It looks like this is caused by the op.extent.truncate_seq but I'm skipping further investigation since Xiubo will be familiar with which patch causes this.

Actions #4

Updated by Xiubo Li 10 months ago

From the failure call trace:

2023-07-04T00:31:43.736 INFO:tasks.cephfs.mount:Validating 8388608 bytes from snapdir/.snap/snap1/subdir/file_a
2023-07-04T00:31:43.737 DEBUG:teuthology.orchestra.run.smithi082:> sudo adjust-ulimits daemon-helper kill python3 -c '
2023-07-04T00:31:43.737 DEBUG:teuthology.orchestra.run.smithi082:> import zlib
2023-07-04T00:31:43.737 DEBUG:teuthology.orchestra.run.smithi082:> path = "/home/ubuntu/cephtest/mnt.0/snapdir/.snap/snap1/subdir/file_a" 
2023-07-04T00:31:43.738 DEBUG:teuthology.orchestra.run.smithi082:> with open(path, '"'"'r'"'"') as f:
2023-07-04T00:31:43.738 DEBUG:teuthology.orchestra.run.smithi082:>     bytes = f.read()
2023-07-04T00:31:43.738 DEBUG:teuthology.orchestra.run.smithi082:> if len(bytes) != 8388608:
2023-07-04T00:31:43.738 DEBUG:teuthology.orchestra.run.smithi082:>     raise RuntimeError("Bad length {0} vs. expected {1}".format(
2023-07-04T00:31:43.739 DEBUG:teuthology.orchestra.run.smithi082:>         len(bytes), 8388608
2023-07-04T00:31:43.739 DEBUG:teuthology.orchestra.run.smithi082:>     ))
2023-07-04T00:31:43.739 DEBUG:teuthology.orchestra.run.smithi082:> for i, b in enumerate(bytes):
2023-07-04T00:31:43.739 DEBUG:teuthology.orchestra.run.smithi082:>     val = zlib.crc32(str(i).encode('"'"'utf-8'"'"')) & 7
2023-07-04T00:31:43.740 DEBUG:teuthology.orchestra.run.smithi082:>     if b != chr(val):
2023-07-04T00:31:43.740 DEBUG:teuthology.orchestra.run.smithi082:>         raise RuntimeError("Bad data at offset {0}".format(i))
2023-07-04T00:31:43.740 DEBUG:teuthology.orchestra.run.smithi082:> '
2023-07-04T00:31:43.919 INFO:teuthology.orchestra.run.smithi082.stderr:Traceback (most recent call last):
2023-07-04T00:31:43.919 INFO:teuthology.orchestra.run.smithi082.stderr:  File "<string>", line 13, in <module>
2023-07-04T00:31:43.919 INFO:teuthology.orchestra.run.smithi082.stderr:RuntimeError: Bad data at offset 0

It seems successfully read the contents but failed when validating them, "Bad data at offset 0".
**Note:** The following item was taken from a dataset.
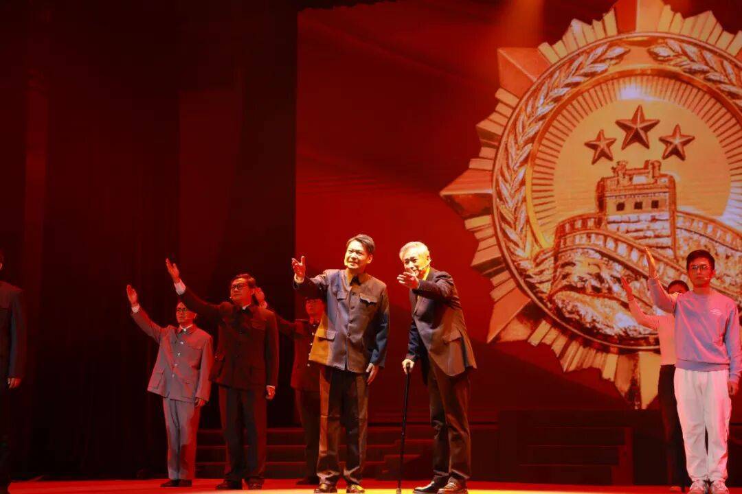 演出落幕,掌声经久不息。两弹话剧社的同学们怀着无比崇敬的心情,手捧鲜花走向舞台,向主创人员与演员们表达由衷敬意,与饰演邓稼先、杨振宁的演员亲密合影,定格下这一充满意义的瞬间。

And from the osd logs in comment#3, it seems the client request just passed a incorrect snapc, which is snapc 0=[], but as my understanding it should be snapc 0=[2] (?)

do_op osd_op(client.10556.0:1 43.12 43:4bec3886:::10000000002.00000000:2 [read 0~4194304 [1@-1]] snapc 0=[] ondisk+read+known_if_redirected e287) v8 may_read -> read-ordered flags ondisk+read+known_if_redirected
./remote/smithi055/log/ceph-osd.1.log.gz:2023-07-11T21:20:30.692+0000 7f669728b700 10 osd.1 pg_epoch: 287 pg[43.12( v 287'16 (0'0,287'16] local-lis/les=283/284 n=2 ec=283/283 lis/c=283/283 les/c/f=284/284/0 sis=283) [1,2] r=0 lpr=283 crt=287'16 lcod 287'15 mlcod 287'15 active+clean] find_object_context 43:4bec3886:::10000000002.00000000:2 @2 snapset 2=[]:{2=[2]}

Actions #5

Updated by Xiubo Li 10 months ago

Xiubo Li wrote:

From the failure call trace:

[...]

It seems successfully read the contents but failed when validating them, "Bad data at offset 0".
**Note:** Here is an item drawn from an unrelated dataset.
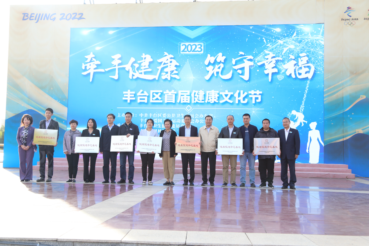 丰台区首批7家健康促进示范基地现场授牌。丰台区供图

And from the osd logs in comment#3, it seems the client request just passed a incorrect snapc, which is snapc 0=[], but as my understanding it should be snapc 0=[2] (?)

do_op osd_op(client.10556.0:1 43.12 43:4bec3886:::10000000002.00000000:2 [read 0~4194304 [1@-1]] snapc 0=[] ondisk+read+known_if_redirected e287) v8 may_read -> read-ordered flags ondisk+read+known_if_redirected
./remote/smithi055/log/ceph-osd.1.log.gz:2023-07-11T21:20:30.692+0000 7f669728b700 10 osd.1 pg_epoch: 287 pg[43.12( v 287'16 (0'0,287'16] local-lis/les=283/284 n=2 ec=283/283 lis/c=283/283 les/c/f=284/284/0 sis=283) [1,2] r=0 lpr=283 crt=287'16 lcod 287'15 mlcod 287'15 active+clean] find_object_context 43:4bec3886:::10000000002.00000000:2 @2 snapset 2=[]:{2=[2]}

While the truncate_seq and truncate_size were correct from kclient:

For the one we have the issue:

./remote/smithi101/log/ceph-osd.1.log.gz:2023-07-11T21:26:29.063+0000 7fcf06dbf700 10 osd.1 pg_epoch: 281 pg[43.12( v 281'16 (0'0,281'16] local-lis/les=279/280 n=2 ec=279/279 lis/c=279/279 les/c/f=280/280/0 sis=279) [1,2] r=0 lpr=279 crt=281'16 lcod 281'15 mlcod 281'15 active+clean] do_osd_op  read 0~4194304 [1@-1]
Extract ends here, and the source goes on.